Source weighting works differently too. ChatGPT leans on mainstream news sources and Wikipedia. DeepSeek gives significant weight to narrow authority: GitHub repositories, technical manuals, and specialized forums. A brand that publishes a detailed API integration guide on GitHub is doing more for DeepSeek visibility than one publishing polished blog content on its own domain.
Regional audience profiles also differ. DeepSeek is the primary AI gateway for tech-heavy markets in Asia, while ChatGPT remains dominant for North American and European general consumers. For brands with a global footprint, treating these as two distinct channels, each requiring tailored source strategy, is no longer optional.
The bottom line: ranking on one doesn’t transfer to the other. Both require active GEO strategy.
Conclusion
DeepSeek V4 didn’t create the AI search visibility problem. It made it bigger and harder to ignore.
Most brands are running a marketing stack built for a world where Google rankings predict discovery. That world still exists. But alongside it, a parallel discovery layer is forming, one where 90 million monthly users are asking AI systems for vendor recommendations, and where brand presence is determined by machine-legible reputation, not keyword rankings.
The brands building DeepSeek visibility now are establishing the kind of positioning that’s significantly harder to displace later. Get started with Topify to see where your brand stands across DeepSeek, ChatGPT, Gemini, and Perplexity, before your competitors do.
FAQ
Q: Does DeepSeek V4 use the same ranking signals as ChatGPT?
A: No. While both systems draw on web-based training data, DeepSeek V4 places a significantly higher premium on technical accuracy and STEM-focused sources. Its Engram memory architecture prioritizes structured, machine-legible data, making Schema Markup more important for DeepSeek than for ChatGPT. The two models also weight sources differently: DeepSeek favors narrow authority sources like GitHub repositories and technical documentation, while ChatGPT leans on mainstream, high-authority generalist sites.
Q: How do I start tracking my brand’s visibility on DeepSeek V4?
A: The most practical starting point is to manually run 20 to 30 high-intent category prompts on chat.deepseek.com and document how often your brand appears versus competitors. For systematic tracking, GEO platforms like Topify query models at scale to generate Visibility Rate, Sentiment Score, and Position data across DeepSeek and other major AI platforms.
Q: Is DeepSeek V4 available globally?
A: Yes. DeepSeek V4 is available globally via its official API and web interface, with open-source weights available on Hugging Face for local deployment. Enterprises in regulated sectors, including healthcare and defense, often prefer on-premises self-hosting to meet data residency and compliance requirements.

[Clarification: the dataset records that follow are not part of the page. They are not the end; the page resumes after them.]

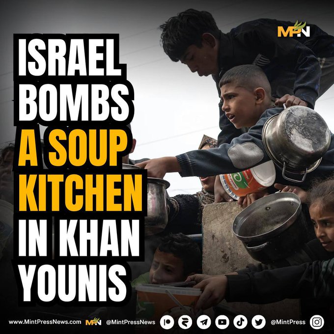 Te midden van de dreigende hongersnood in de Gazastrook, vanwege de totale blokkade van het gebied door Israël, besloot het bezettingsleger een gaarkeuken in Khan Younis aan te vallen met een luchtaanval, waarbij burgers werden vermoord die zich verzamelden voor voedsel.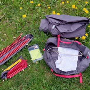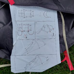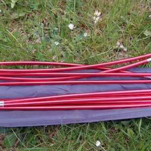 Stavba je jednoduchá. Tyče ke stanu Trimm Spark D jsou dvě a jsou rozdílně dlouhé. Kratší patří do nohou, tedy do zadní části a ta delší k hlavám, tedy do vchodu. Stačí je tedy protáhnout tunýlkem a zajistit jejich konce do kovových oček v podlážce stanu. A pak podlážku zajistit kolíky. Stejně tak vnější stan a celé to doladit pomocí dvojice šňůr, které napínají tunel v podélné ose. S napínáním podlážky to úplně nepřehánějte, pak by se vám mohly ztěžka zapínat zipy na moskytiéře, která tvoří vstup do vnitřního stanu.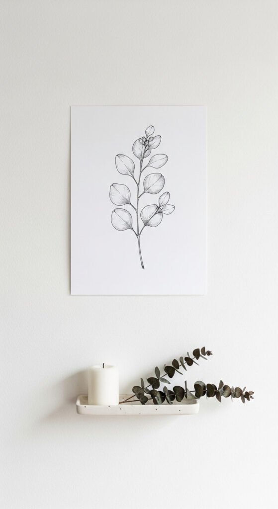 Eucalyptus prints are the definition of quiet, understated elegance. A single branch illustration on white paper in a slim frame is all you need. This is ideal for minimalist or Scandinavian-style spaces where less is genuinely more. Download a free eucalyptus line drawing, print it in black ink, and frame it. Total cost under $5 if you already have a spare frame. Hang one above a bathroom mirror or on a narrow kitchen wall for an instant refresh.
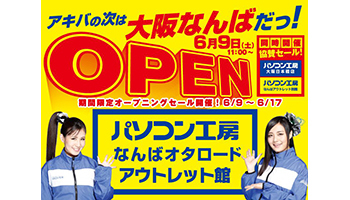 パソコン工房を運営するユニットコムは、PCやPCパーツ、スマートフォンの良品アウトレットを専門に取り扱う「パソコン工房 なんばオタロード アウトレット館」を6月9日にオープンする。4月28日に東京・秋葉原でオープンした「パソコン工房 秋葉原アウトレット館」の第2弾となる。

Q: How often does DeepSeek update its model recommendations?
A: Major versions follow roughly an annual release cycle, but the underlying endpoints receive frequent minor updates. Brand mentions typically reflect content changes within 2 to 4 weeks as the model ingests fresh web signals and fine-tuning data. This makes early and consistent visibility-building more effective than periodic content bursts.